Beginning with the line containing "Kui soovid luua" and ending with the line containing "W skład zestawu", write out each line of the records below exactly; pictures and lines outside that range are left out.

[[ The data, beginning ]]

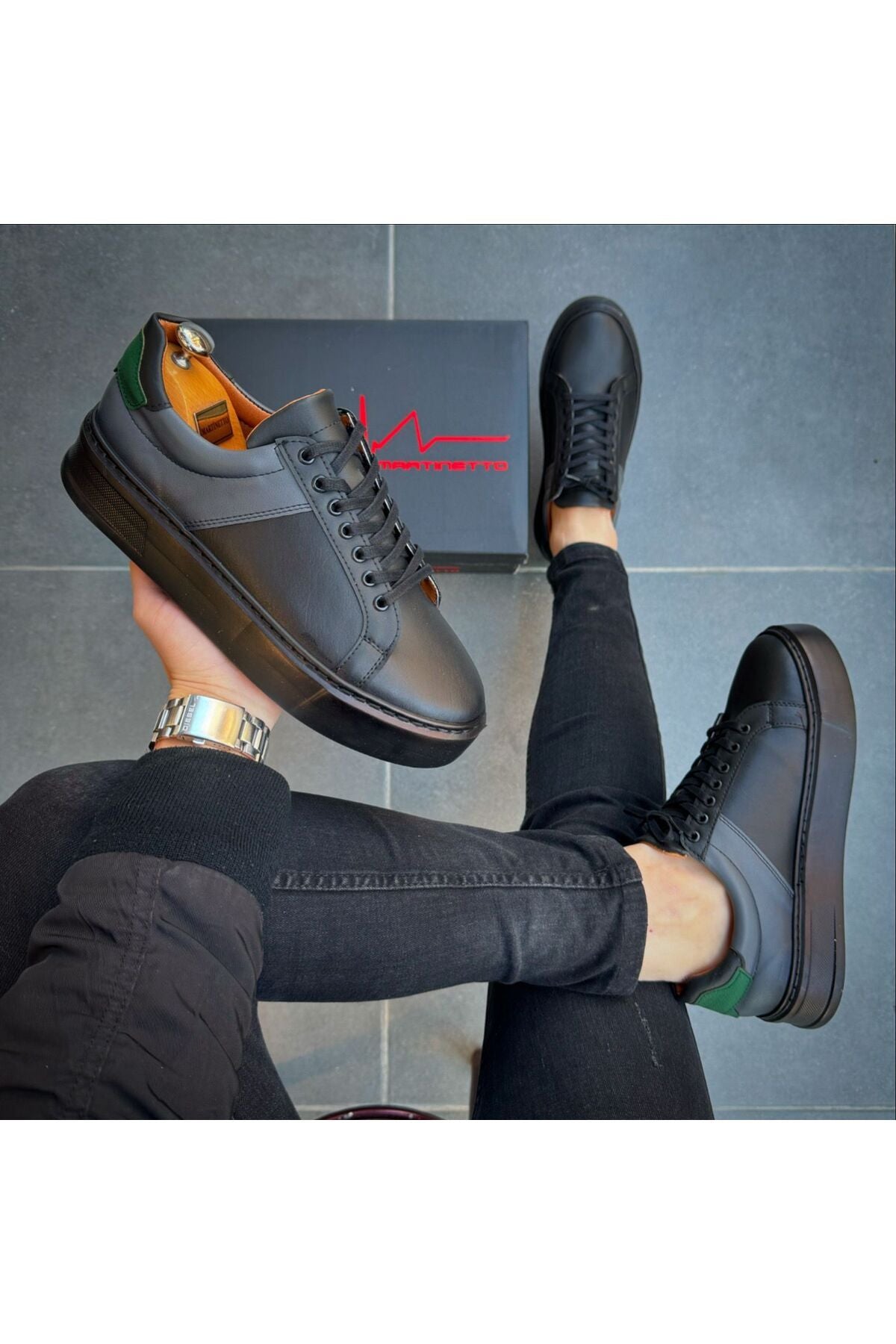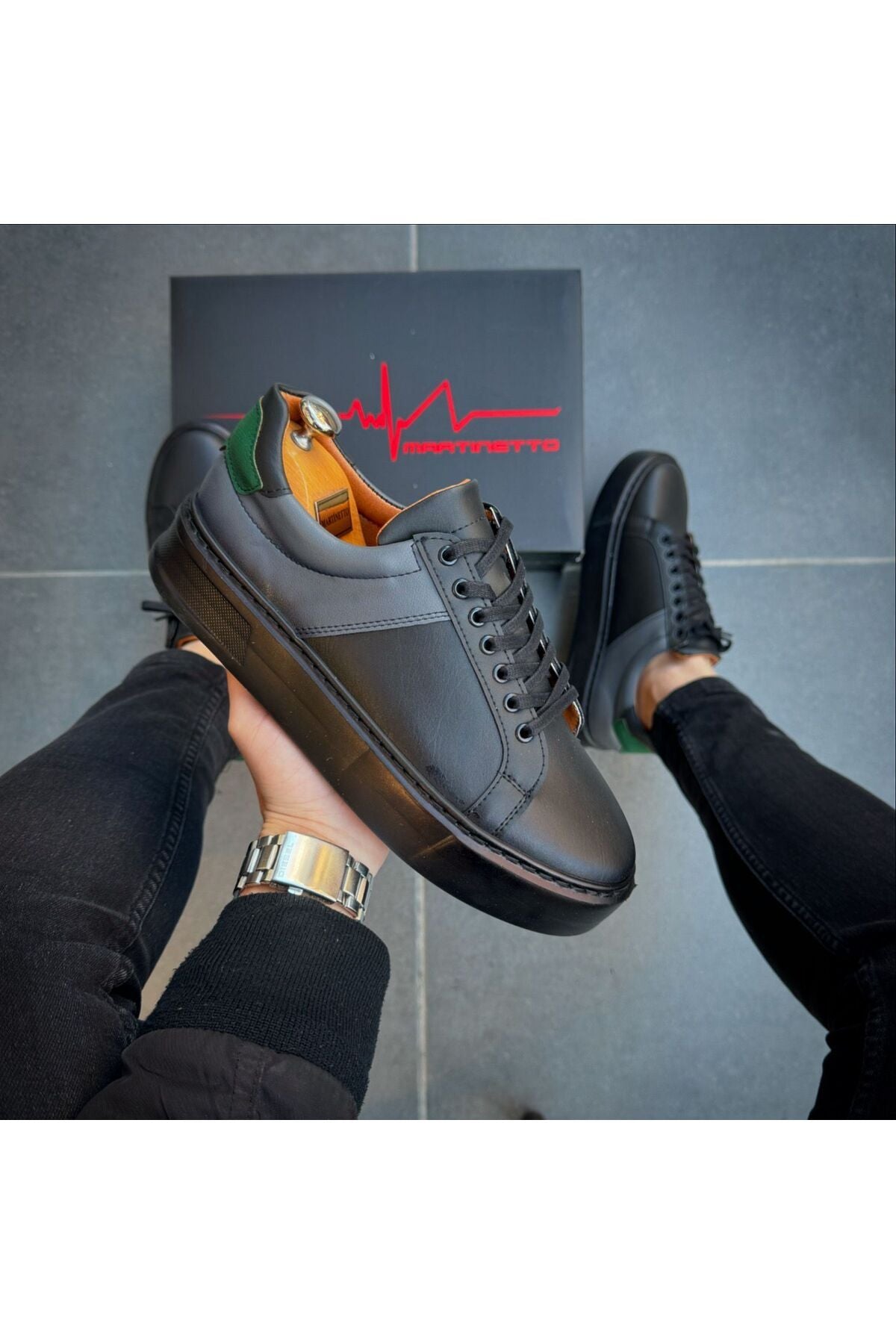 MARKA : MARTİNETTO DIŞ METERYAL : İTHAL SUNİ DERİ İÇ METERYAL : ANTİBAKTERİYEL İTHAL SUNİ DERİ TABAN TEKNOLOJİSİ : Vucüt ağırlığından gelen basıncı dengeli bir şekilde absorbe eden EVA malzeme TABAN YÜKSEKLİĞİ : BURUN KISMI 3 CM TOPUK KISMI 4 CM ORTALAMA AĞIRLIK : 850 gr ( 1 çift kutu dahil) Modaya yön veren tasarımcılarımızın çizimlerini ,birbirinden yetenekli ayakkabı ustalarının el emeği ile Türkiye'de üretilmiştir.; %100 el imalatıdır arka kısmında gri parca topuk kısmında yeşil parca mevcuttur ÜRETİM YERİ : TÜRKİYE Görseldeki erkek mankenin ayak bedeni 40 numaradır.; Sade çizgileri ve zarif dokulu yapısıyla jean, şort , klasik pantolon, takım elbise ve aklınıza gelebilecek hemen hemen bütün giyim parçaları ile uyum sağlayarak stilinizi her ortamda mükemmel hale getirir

[[ The data, end ]]
[[ The data, beginning ]]

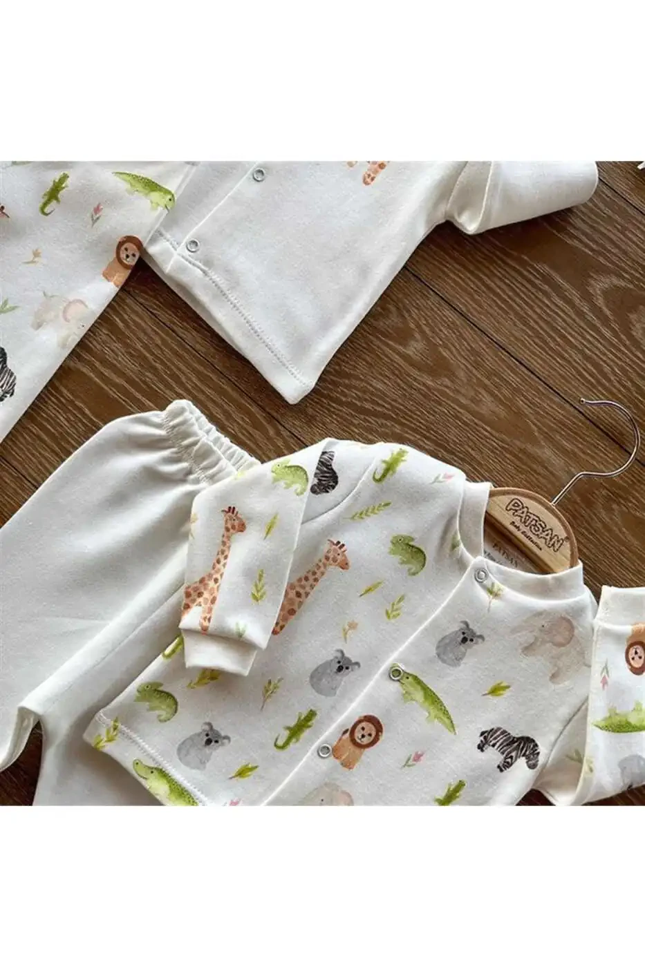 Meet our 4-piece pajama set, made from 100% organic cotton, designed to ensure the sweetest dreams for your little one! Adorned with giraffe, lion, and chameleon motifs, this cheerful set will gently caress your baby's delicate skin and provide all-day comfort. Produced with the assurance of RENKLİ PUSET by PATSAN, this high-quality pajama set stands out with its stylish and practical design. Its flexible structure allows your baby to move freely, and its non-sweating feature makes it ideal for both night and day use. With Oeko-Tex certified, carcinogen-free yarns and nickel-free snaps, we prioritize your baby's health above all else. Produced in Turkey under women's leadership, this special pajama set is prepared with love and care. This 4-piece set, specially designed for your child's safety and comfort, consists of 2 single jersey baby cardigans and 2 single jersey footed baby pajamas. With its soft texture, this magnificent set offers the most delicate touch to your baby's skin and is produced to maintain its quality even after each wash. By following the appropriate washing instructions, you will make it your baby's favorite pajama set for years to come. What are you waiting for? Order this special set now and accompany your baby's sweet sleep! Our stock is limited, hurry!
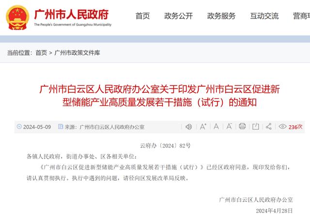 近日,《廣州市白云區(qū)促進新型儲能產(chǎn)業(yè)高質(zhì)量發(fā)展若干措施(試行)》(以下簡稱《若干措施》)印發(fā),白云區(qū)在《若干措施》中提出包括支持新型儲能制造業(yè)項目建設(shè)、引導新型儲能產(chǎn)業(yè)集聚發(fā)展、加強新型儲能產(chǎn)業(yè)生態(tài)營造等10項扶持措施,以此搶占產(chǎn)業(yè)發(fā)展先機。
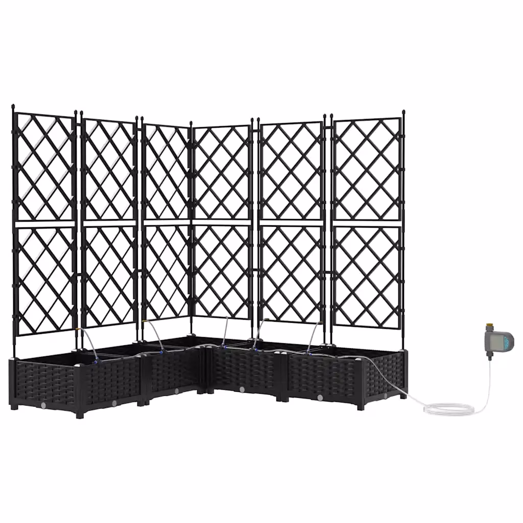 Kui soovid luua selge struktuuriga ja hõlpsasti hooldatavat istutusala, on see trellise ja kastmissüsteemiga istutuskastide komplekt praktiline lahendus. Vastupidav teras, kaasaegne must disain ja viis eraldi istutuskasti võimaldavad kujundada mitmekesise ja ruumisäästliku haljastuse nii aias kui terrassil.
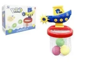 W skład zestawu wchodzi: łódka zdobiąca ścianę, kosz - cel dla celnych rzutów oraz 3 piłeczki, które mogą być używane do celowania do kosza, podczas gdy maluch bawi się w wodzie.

[[ The data, end ]]

• [Exercise solution]
 Kui soovid luua selge struktuuriga ja hõlpsasti hooldatavat istutusala, on see trellise ja kastmissüsteemiga istutuskastide komplekt praktiline lahendus. Vastupidav teras, kaasaegne must disain ja viis eraldi istutuskasti võimaldavad kujundada mitmekesise ja ruumisäästliku haljastuse nii aias kui terrassil.
 W skład zestawu wchodzi: łódka zdobiąca ścianę, kosz - cel dla celnych rzutów oraz 3 piłeczki, które mogą być używane do celowania do kosza, podczas gdy maluch bawi się w wodzie.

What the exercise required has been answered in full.